# too many plants?



## Dawgz (Aug 18, 2005)

Im about to get a bigger tank, im thinkn of buying alot of plants, maybe 10-12 more, i have 4 rite now..

my question is that is that is TOO many plants bad? or it dont matter?


----------



## Tinkerbelle (Oct 14, 2004)

you can never have too many plants.... they may encumber certain species of fish, so make sure to consider the plants you use, their placement, and the size and finnage of your fish.

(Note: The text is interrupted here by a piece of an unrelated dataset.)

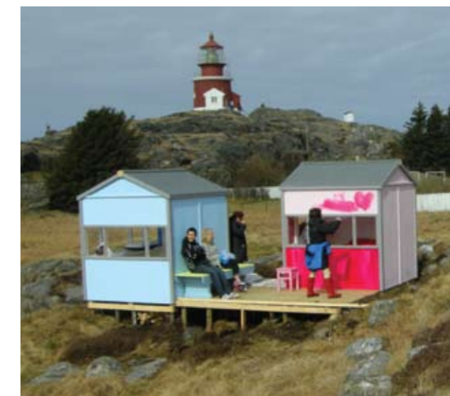
3 små hytter er et kunstprosjekt av Solveig Egeland, formidlet til Utsira kommune gjennom prosjektet Kultur & Næring.

I november 2010 ble fotokunstprosjektet "Fjord Impressions" vist i Brussel under den store norske kunstutstillingen Norway Now. "Fjord Impressions" er et felles prosjekt mellom 7 foto/videoaktører fra regionen, og bestod av 120 utstilte bilder og en foto/videopresentasjon via skjermer. Samarbeidet mellom fotografene vil bli videreført.

also consider if your fish may be destructive to certain species of plants.... my pleco has massacred my collection of swords (i had 6 different varieties in there) in my 20H


----------



## elTwitcho (Jun 22, 2004)

Yep, the hippy living in the refridgerator box is correct. Plants will only have positive effects on your water chemistry, the only concern with them is having too many so that your fish don't have room to swim. That's something you'll have to figure out


----------



## Tinkerbelle (Oct 14, 2004)

elTwitcho said:


> Yep, the hippy living in the refridgerator box is correct. Plants will only have positive effects on your water chemistry, the only concern with them is having too many so that your fish don't have room to swim. That's something you'll have to figure out
> [snapback]1174480[/snapback]​


im not a hippy! KAREN IS! and i live in a dorm... not a 'fridge box, but the analogy is dually noted.


----------



## Dawgz (Aug 18, 2005)

elTwitcho said:


> Yep, the hippy living in the refridgerator box is correct. Plants will only have positive effects on your water chemistry, the only concern with them is having too many so that your fish don't have room to swim. That's something you'll have to figure out
> [snapback]1174480[/snapback]​


o well great, im gettn a new tank, and i was thinkn of havn alot on one side and a few going twards the other side, and all these twards the back, not far back but to the back, and so the fish can swim out in the front and hide in the back..


----------



## Uncle Rico (Sep 4, 2005)

don't very heavily planted tanks require some sort of carbon dioxide supplement?


----------